# WHAT THE TASK REQUIRES:
Copy out exactly the stretch below, from the line with "(Jan Philipp Reemtsma 13 , *1952)" through the line with "जखीरा में मौजूद", both included; the pictures stay out.

# PROVIDED RECORDS:
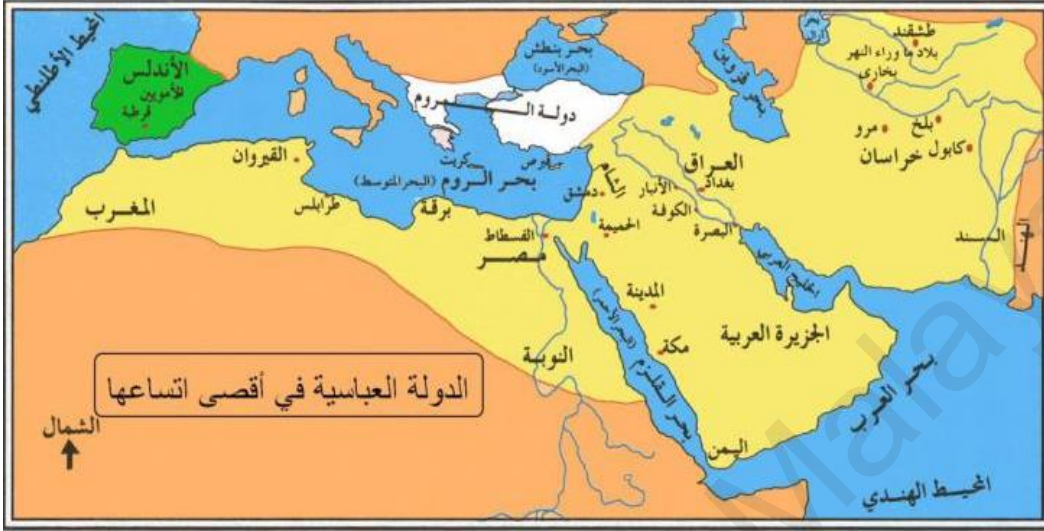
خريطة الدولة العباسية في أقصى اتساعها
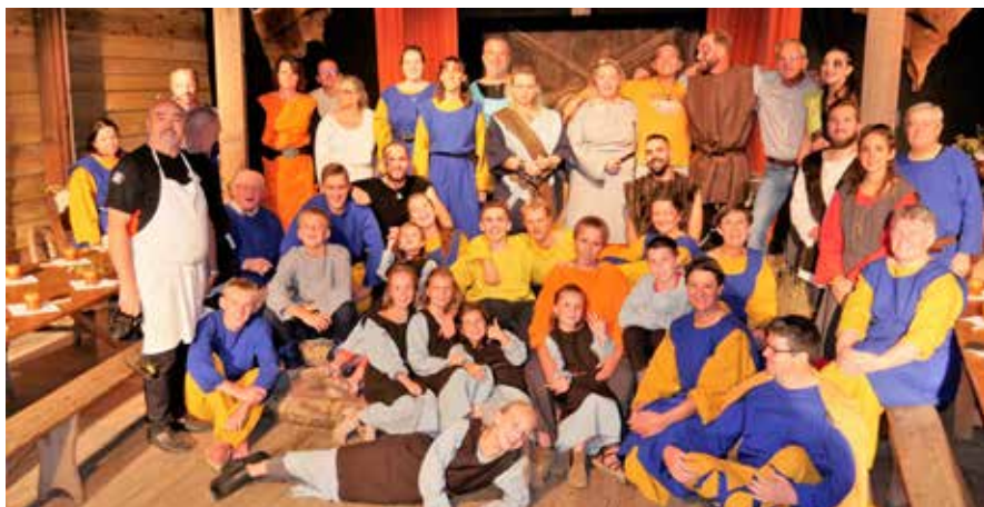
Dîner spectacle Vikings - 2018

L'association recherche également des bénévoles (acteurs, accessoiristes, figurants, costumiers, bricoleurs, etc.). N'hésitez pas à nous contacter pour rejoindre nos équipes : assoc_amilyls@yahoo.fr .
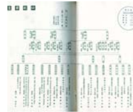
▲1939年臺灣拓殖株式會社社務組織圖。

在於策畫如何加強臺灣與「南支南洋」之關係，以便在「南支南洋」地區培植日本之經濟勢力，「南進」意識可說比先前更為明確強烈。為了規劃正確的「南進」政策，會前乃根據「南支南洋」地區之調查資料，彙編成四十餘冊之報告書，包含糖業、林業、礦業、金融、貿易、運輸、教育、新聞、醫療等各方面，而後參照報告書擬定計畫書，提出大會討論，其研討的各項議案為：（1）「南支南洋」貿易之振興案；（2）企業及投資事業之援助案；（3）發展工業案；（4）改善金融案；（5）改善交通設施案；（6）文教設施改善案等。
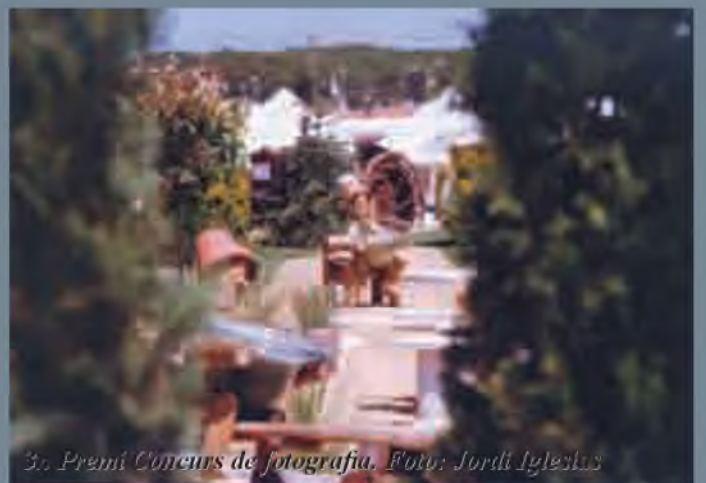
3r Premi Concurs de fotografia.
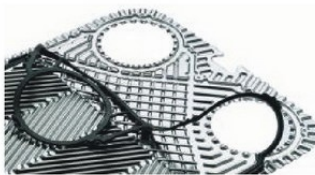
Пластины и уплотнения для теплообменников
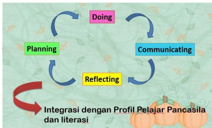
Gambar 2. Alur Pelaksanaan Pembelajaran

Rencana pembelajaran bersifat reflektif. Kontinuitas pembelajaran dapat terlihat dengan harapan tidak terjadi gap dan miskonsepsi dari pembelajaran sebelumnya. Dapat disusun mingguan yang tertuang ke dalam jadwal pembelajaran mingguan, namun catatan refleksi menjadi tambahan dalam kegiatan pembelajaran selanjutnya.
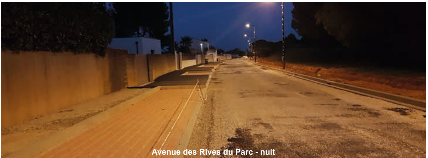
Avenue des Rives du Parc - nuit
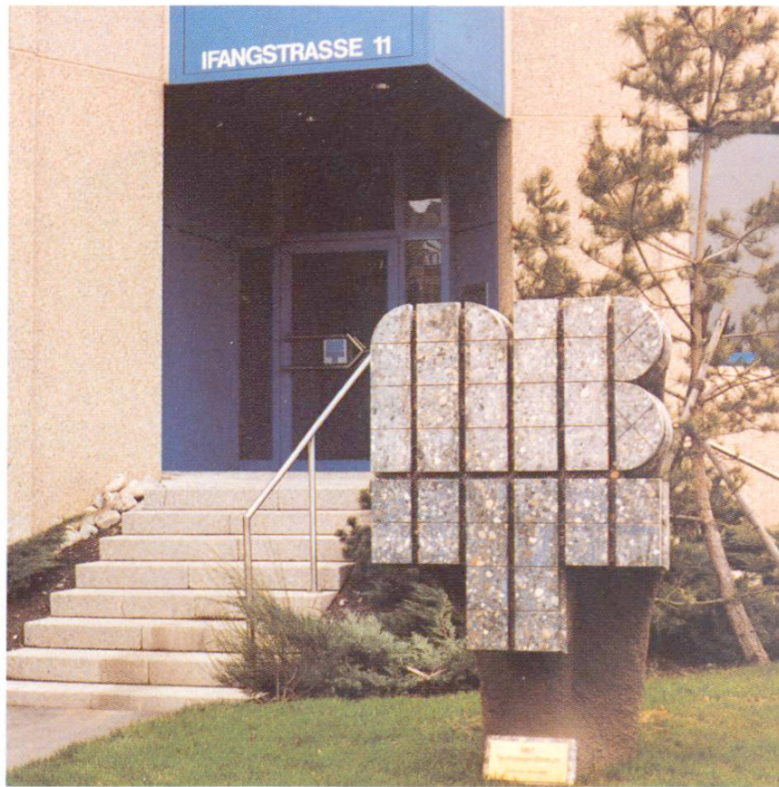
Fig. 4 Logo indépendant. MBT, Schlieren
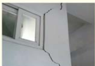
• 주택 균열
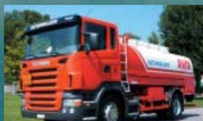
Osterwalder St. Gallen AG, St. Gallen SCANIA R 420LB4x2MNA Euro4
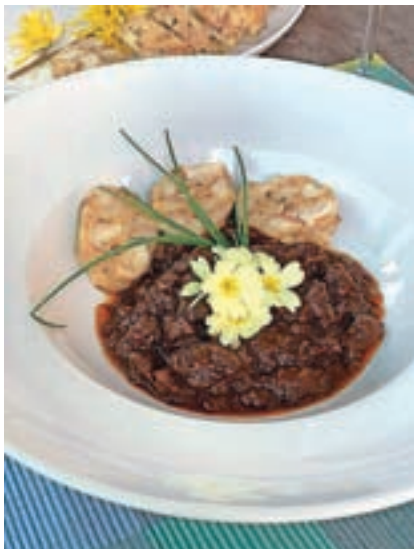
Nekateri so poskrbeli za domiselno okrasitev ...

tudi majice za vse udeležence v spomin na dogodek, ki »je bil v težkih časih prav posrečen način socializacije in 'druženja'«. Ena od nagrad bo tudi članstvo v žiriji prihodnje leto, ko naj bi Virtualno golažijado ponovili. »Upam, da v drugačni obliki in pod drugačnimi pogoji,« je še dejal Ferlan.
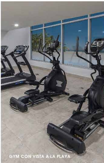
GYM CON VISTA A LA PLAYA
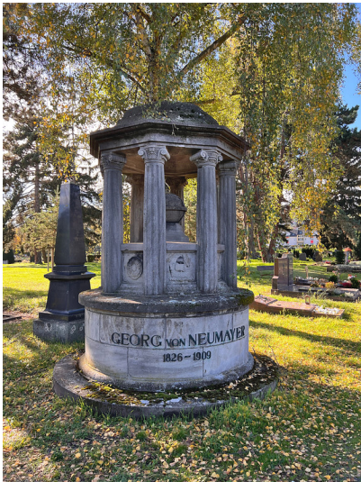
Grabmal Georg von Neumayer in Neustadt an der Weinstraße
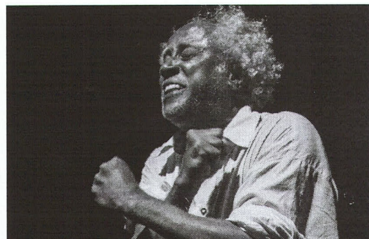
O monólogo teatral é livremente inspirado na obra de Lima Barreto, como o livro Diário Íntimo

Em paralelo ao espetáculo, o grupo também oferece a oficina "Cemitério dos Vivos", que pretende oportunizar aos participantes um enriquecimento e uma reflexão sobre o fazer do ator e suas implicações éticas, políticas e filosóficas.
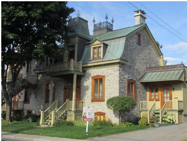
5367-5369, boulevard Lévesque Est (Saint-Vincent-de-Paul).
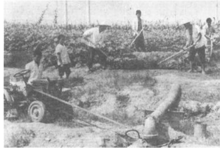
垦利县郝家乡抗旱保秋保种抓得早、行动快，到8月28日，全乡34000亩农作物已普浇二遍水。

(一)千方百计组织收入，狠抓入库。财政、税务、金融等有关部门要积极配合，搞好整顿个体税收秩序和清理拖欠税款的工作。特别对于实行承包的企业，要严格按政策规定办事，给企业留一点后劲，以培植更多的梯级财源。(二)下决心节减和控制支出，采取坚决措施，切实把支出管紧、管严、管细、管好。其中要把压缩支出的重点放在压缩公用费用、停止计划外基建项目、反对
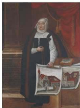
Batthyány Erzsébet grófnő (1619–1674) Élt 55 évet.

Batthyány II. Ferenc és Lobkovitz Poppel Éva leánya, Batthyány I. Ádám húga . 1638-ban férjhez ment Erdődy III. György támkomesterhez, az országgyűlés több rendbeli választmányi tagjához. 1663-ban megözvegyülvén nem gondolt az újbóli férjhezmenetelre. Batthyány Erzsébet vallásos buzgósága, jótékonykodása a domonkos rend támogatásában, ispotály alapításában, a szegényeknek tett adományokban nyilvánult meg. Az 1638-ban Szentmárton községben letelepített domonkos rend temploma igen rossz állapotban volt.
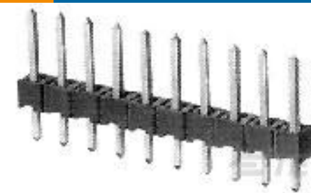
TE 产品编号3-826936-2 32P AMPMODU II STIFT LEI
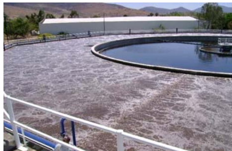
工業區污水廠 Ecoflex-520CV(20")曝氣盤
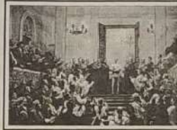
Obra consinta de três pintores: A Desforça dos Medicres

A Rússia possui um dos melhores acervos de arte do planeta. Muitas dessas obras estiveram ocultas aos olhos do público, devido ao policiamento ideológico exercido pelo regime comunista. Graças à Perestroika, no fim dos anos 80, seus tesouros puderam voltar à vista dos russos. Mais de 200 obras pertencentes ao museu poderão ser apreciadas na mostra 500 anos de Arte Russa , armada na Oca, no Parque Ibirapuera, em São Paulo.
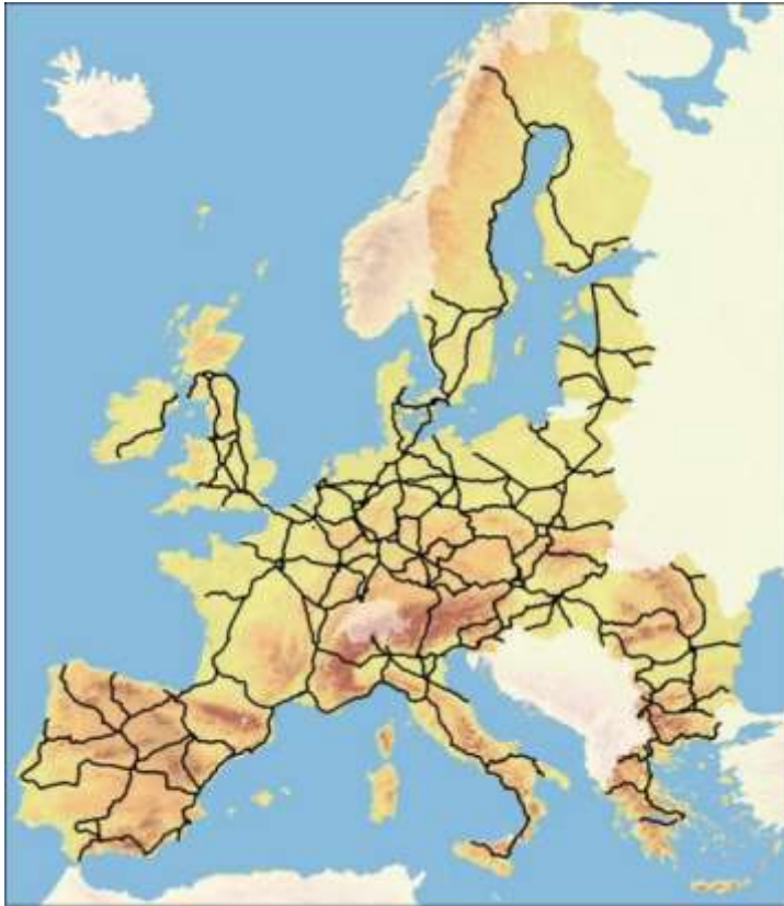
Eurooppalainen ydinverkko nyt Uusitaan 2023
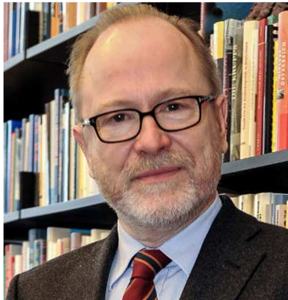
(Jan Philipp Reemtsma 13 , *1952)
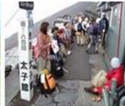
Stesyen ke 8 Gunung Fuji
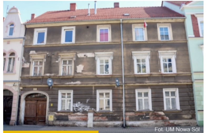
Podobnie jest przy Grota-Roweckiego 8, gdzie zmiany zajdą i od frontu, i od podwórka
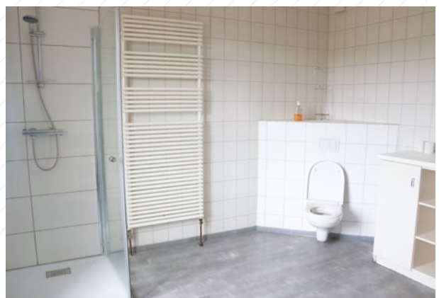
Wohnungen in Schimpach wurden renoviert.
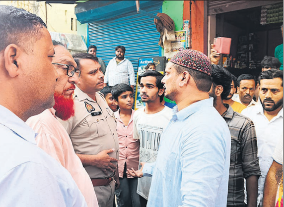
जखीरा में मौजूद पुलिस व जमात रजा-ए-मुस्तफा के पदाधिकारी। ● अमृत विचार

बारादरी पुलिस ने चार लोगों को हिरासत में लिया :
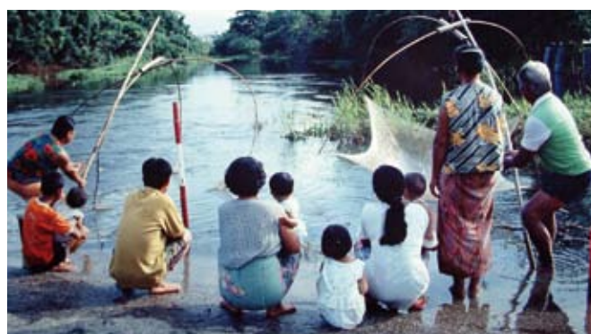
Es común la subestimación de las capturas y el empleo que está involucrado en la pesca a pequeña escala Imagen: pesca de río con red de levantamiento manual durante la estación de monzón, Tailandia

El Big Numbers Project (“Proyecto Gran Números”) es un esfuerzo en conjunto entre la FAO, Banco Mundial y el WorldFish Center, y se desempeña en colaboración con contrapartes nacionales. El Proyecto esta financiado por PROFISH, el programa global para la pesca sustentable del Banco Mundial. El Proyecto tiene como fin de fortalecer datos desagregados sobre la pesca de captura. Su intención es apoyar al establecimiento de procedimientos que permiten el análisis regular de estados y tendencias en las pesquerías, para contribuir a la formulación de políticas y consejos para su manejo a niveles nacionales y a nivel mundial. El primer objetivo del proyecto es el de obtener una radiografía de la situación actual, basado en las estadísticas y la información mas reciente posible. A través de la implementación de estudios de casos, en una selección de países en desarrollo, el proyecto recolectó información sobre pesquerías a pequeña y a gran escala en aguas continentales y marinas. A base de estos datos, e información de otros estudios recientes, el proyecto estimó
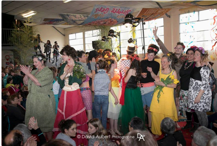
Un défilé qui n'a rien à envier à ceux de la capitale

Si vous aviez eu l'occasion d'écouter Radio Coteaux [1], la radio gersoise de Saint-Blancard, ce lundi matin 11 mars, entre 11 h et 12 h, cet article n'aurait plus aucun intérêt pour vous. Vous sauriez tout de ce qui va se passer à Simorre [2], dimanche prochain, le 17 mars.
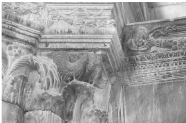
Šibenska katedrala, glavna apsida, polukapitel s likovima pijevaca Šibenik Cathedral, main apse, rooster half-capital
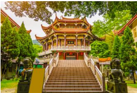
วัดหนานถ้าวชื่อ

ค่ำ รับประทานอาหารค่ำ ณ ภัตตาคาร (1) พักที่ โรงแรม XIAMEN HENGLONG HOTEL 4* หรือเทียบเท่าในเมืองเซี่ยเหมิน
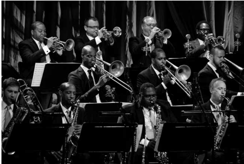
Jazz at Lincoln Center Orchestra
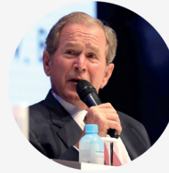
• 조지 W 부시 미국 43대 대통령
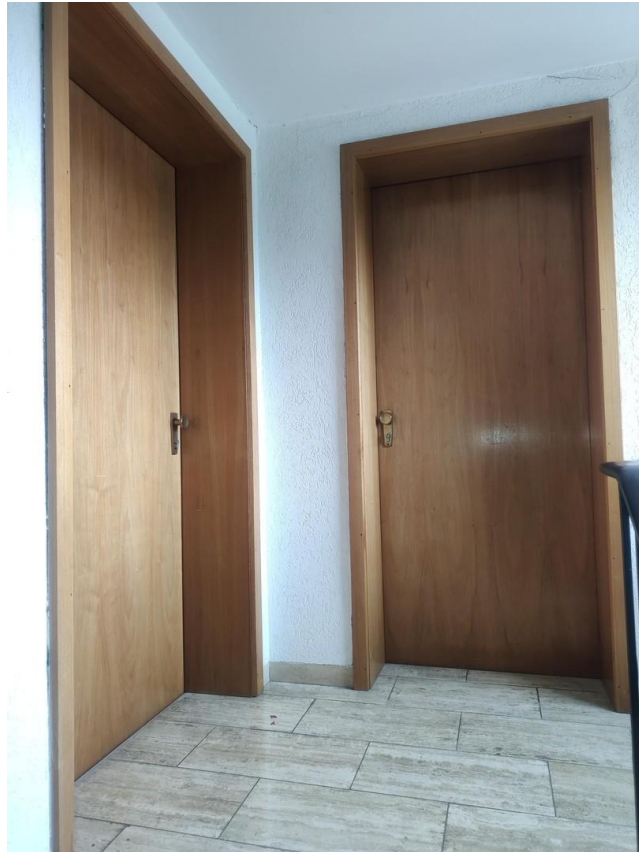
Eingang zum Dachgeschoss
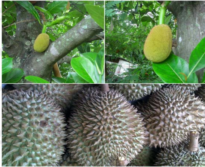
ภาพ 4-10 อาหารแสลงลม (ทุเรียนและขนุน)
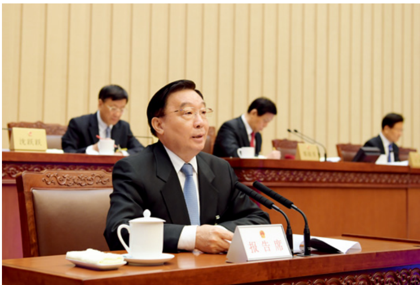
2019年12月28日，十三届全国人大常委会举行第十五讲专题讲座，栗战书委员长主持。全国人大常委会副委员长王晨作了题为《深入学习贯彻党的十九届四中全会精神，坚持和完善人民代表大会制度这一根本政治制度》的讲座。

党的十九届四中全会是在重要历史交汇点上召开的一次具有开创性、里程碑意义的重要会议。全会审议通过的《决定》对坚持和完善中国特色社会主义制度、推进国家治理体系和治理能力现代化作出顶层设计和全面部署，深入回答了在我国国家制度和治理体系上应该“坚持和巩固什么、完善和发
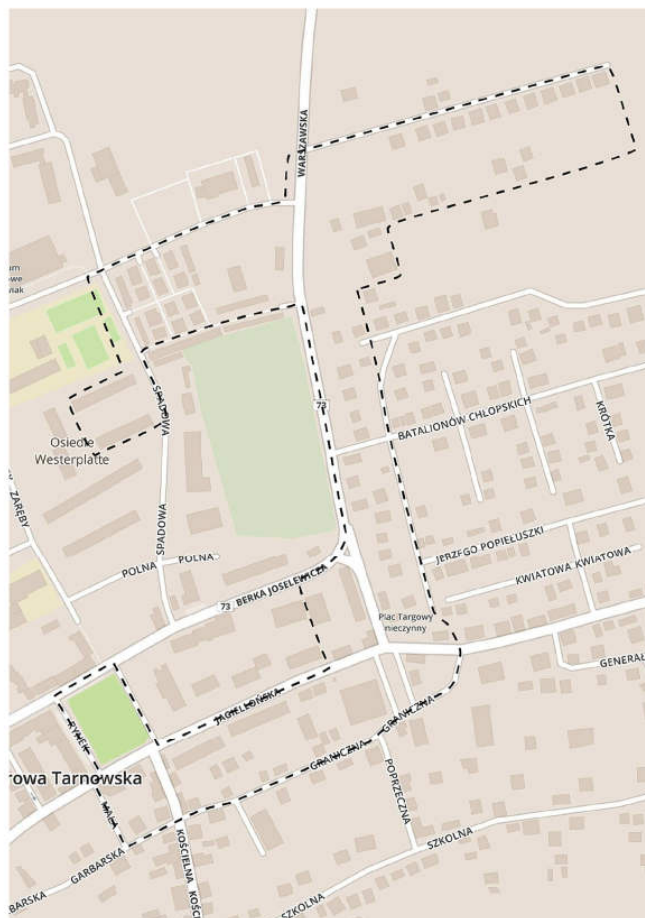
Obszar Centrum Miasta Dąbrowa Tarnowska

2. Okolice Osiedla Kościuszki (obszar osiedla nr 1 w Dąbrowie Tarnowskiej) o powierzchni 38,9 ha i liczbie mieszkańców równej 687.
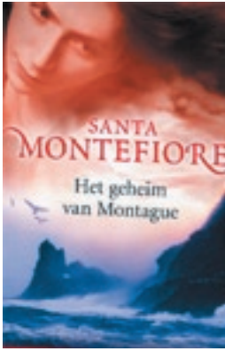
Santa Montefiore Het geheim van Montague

# RESPONSE AREA:
(Jan Philipp Reemtsma 13 , *1952)
Stesyen ke 8 Gunung Fuji
Podobnie jest przy Grota-Roweckiego 8, gdzie zmiany zajdą i od frontu, i od podwórka
Wohnungen in Schimpach wurden renoviert.
जखीरा में मौजूद पुलिस व जमात रजा-ए-मुस्तफा के पदाधिकारी। ● अमृत विचार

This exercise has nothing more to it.